# [Records shown]
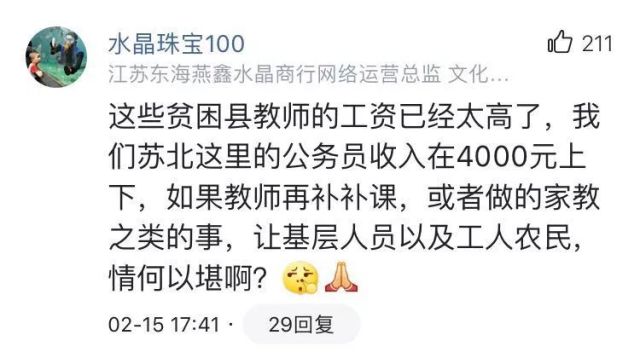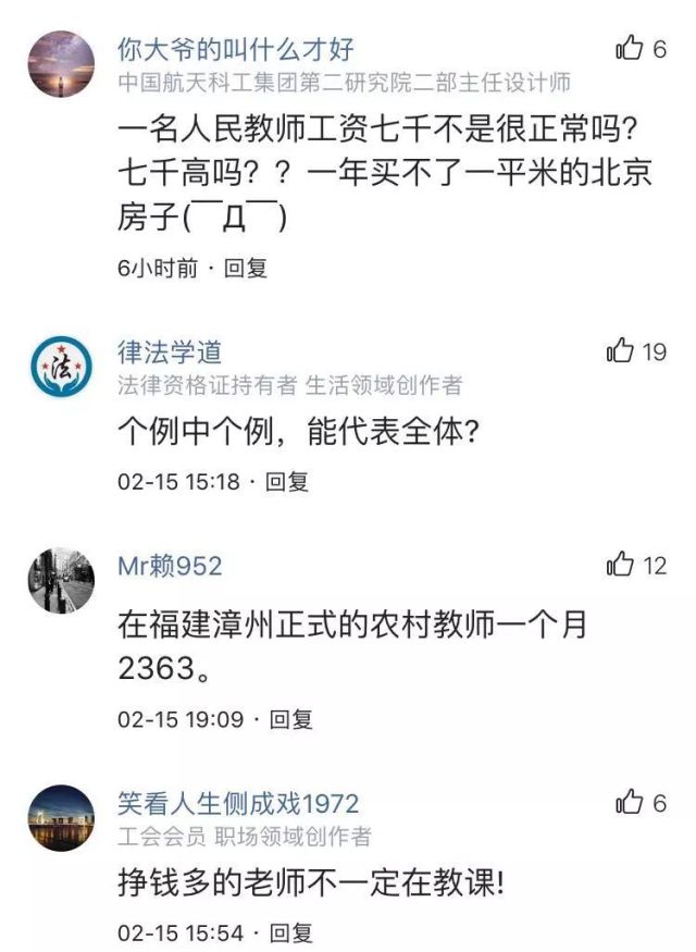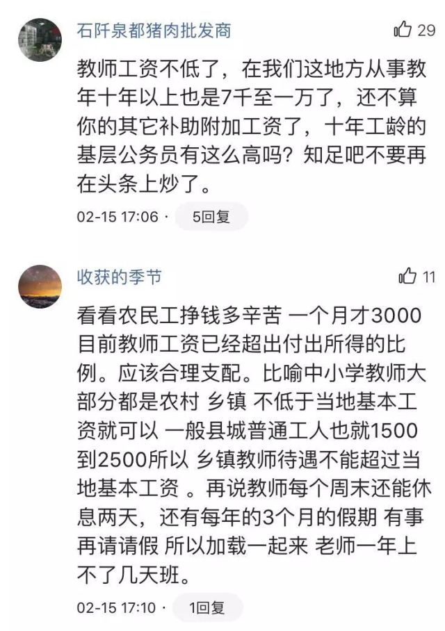 2月15日,經濟日報新聞客戶端推送消息《教育部:某些國家級少數民族貧困縣教師月薪已達7000元》,引起大家的強烈反響。對于目前大多數教師的薪資水平、怎么看待教師待遇、怎么評價待遇的高低才客觀等問題,眾多網友進行了熱烈的討論,有教師還曬出了自己工資單……
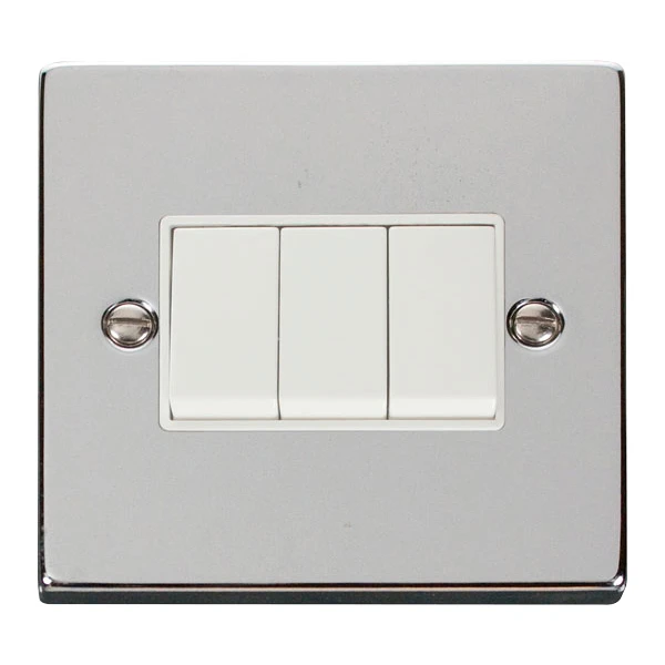 Click Scolmore Plate Switch 3 Gang 2 Way 10A Polished Chrome White Insert Victorian
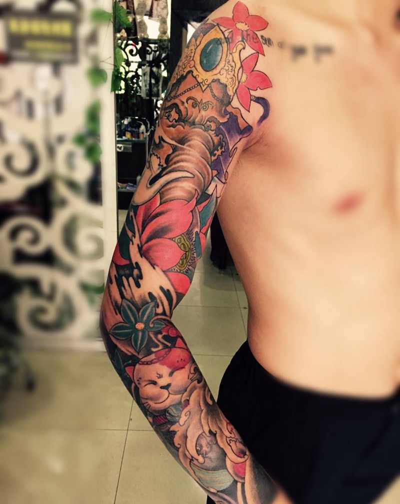 当前位置: 首页 >山东省济南市纹身店-龙啸堂刺青文化纹身图案>彩色花臂纹身图片
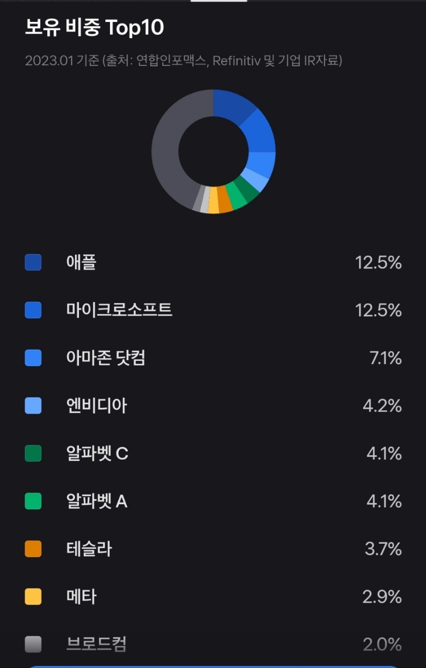 그뒤에 엔비디아 구글, 테슬라 등을 보유하고 있다.
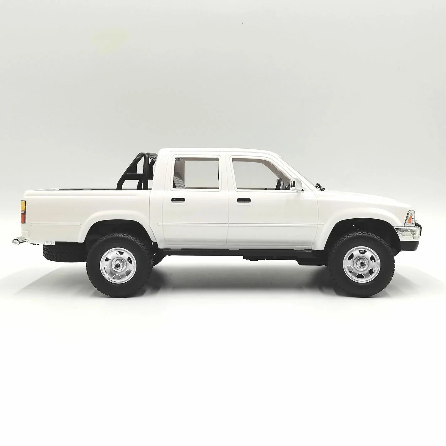 ●New D62 twin cab hard body with interior ●Independent Front Suspension + Rear Leaf Spring Solid Axle ●Metal Rear Locked Diff ●New receiver with light function! ●Reinforced front lower arm mounting with metal plate: ●Revised D chassis in Black
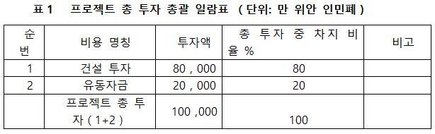 프로젝트의 총 투자는 100,000만 위안이며, 그 중 건설 투자가 80,000만 위안이다.
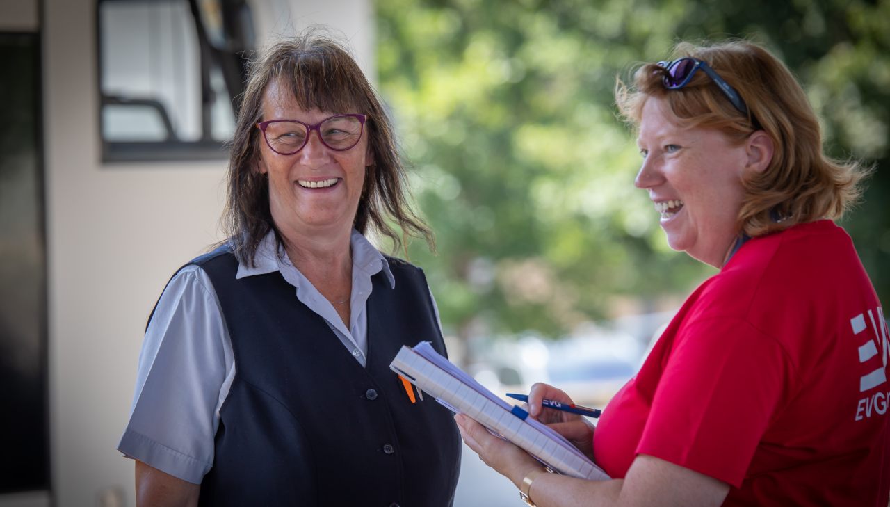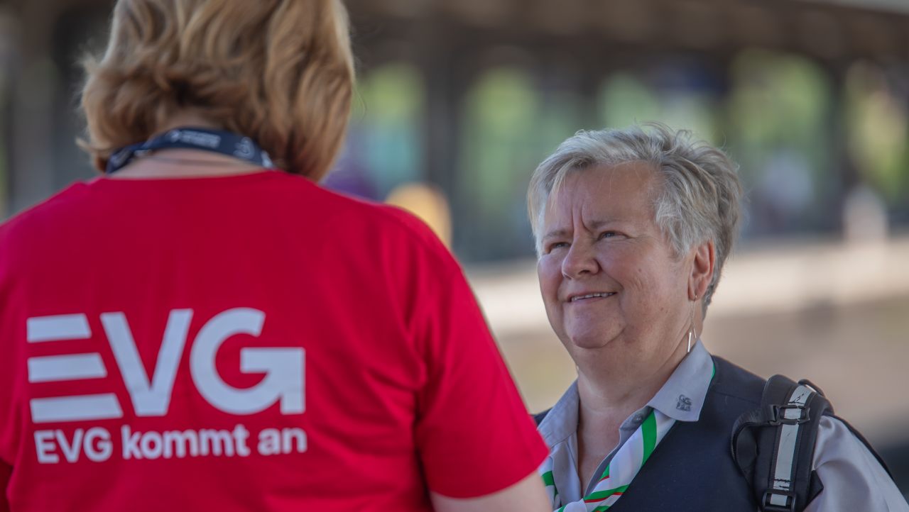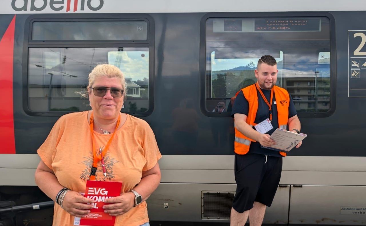 Die Teams befragten mit Stiften und Fragebögen bewaffnet die Kolleginnen und Kollegen nach ihren Wünschen und Erwartungen für die anstehende Tarifrunde. Bereitwillig nahmen alle an der Befragung teil - und auch hier wurde der bisherige Trend bestätigt: Das EVG-Wahlmodell ist für alle für wichtig. Das bestätigte auch Thomas Filip: „Das zweite Wahlmodell muss stehen! Wenn wir noch weitere Zusatzleistungen bieten, ist das attraktiv für unsere Kolleginnen und Kollegen und damit sind wir der Konkurrenz voraus,“ betonte er. Für ihn ist die Aktion eine gute Gelegenheit, mit den Beschäftigten ins Gespräch zu kommen.
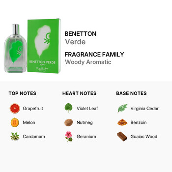 The base notes of earthy Virginia cedar, rich benzoin, and smoky guaiac wood add depth and sophistication, leaving a lasting impression that lingers throughout the day. Whether you're heading to the office or out for the evening, Benetton Verde gives you a confident edge that speaks volumes without saying a word.
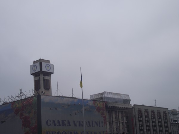 Надстройку на киевском Доме профсоюзов, который сгорел в феврале этого года во время противостояний на Майдане, обернули пленкой.
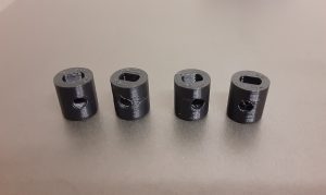 To solve this problem, four models were created which were exact copies of the original design, except that the diameter for the holes for the screws were adjusted to be smaller by 0.05 millimeters in diameter for each hub prototype, from 2.95mm to 2.80mm. The position of the holes were also tweaked. All four of these models were 3D printed and assessed for fitment and the ability to be tapped by the screws:
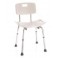 Silla de ducha con respaldo, aluminio anodizado y polietileno blanco. Altura del asiento regulable 44.5-62 cm. Medida del asiento 50 x 31 cm. Medida del respaldo 41 x 17.5 cm. Peso máximo 110 kg.
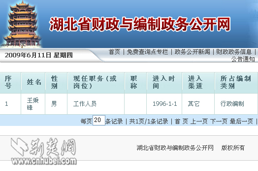 湖北省財(cái)政與編制政務(wù)公開(kāi)網(wǎng)工作人員告訴記者,湖北省推行的是“陽(yáng)光編制”,只要發(fā)生人事變更,該網(wǎng)便會(huì)在第一時(shí)間更新數(shù)據(jù)。11日上午10時(shí),記者發(fā)稿前,王秉鋒的姓名仍掛在湖北省財(cái)政與編制政務(wù)公開(kāi)網(wǎng)上,所屬單位為紅安縣國(guó)土資源局。(記者張揚(yáng))
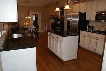 The Ultimate Kitchen is complete with a work island at this Tudor 3064-SF home in Madison. Great features include 5 bedrooms, 3 bathrooms, striking dining room, master suite with separate shower, dramatic living room with fireplace for winter days, beautiful hardwood floors, cozy gathering room off the kitchen, bonus room upstairs and screened in porch!
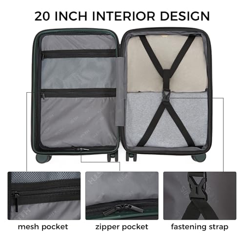 20 Inch Expandable Carry on Luggage, Hardside Lightweight Spinner Suitcase TSA Lock, 22x14x9 Airline Approved Hard Shell Expandable Travel Luggage with 20% More Capacity (Green, 20 Inch)

# [Aim of the exercise]
Write out the lines above from the one with "프로젝트의 총 투자는" through the one with "To solve this", ends included, exactly; no picture goes in.

# [Solution to this problem]
 프로젝트의 총 투자는 100,000만 위안이며, 그 중 건설 투자가 80,000만 위안이다.
 Die Teams befragten mit Stiften und Fragebögen bewaffnet die Kolleginnen und Kollegen nach ihren Wünschen und Erwartungen für die anstehende Tarifrunde. Bereitwillig nahmen alle an der Befragung teil - und auch hier wurde der bisherige Trend bestätigt: Das EVG-Wahlmodell ist für alle für wichtig. Das bestätigte auch Thomas Filip: „Das zweite Wahlmodell muss stehen! Wenn wir noch weitere Zusatzleistungen bieten, ist das attraktiv für unsere Kolleginnen und Kollegen und damit sind wir der Konkurrenz voraus,“ betonte er. Für ihn ist die Aktion eine gute Gelegenheit, mit den Beschäftigten ins Gespräch zu kommen.
 The base notes of earthy Virginia cedar, rich benzoin, and smoky guaiac wood add depth and sophistication, leaving a lasting impression that lingers throughout the day. Whether you're heading to the office or out for the evening, Benetton Verde gives you a confident edge that speaks volumes without saying a word.
 Надстройку на киевском Доме профсоюзов, который сгорел в феврале этого года во время противостояний на Майдане, обернули пленкой.
 To solve this problem, four models were created which were exact copies of the original design, except that the diameter for the holes for the screws were adjusted to be smaller by 0.05 millimeters in diameter for each hub prototype, from 2.95mm to 2.80mm. The position of the holes were also tweaked. All four of these models were 3D printed and assessed for fitment and the ability to be tapped by the screws:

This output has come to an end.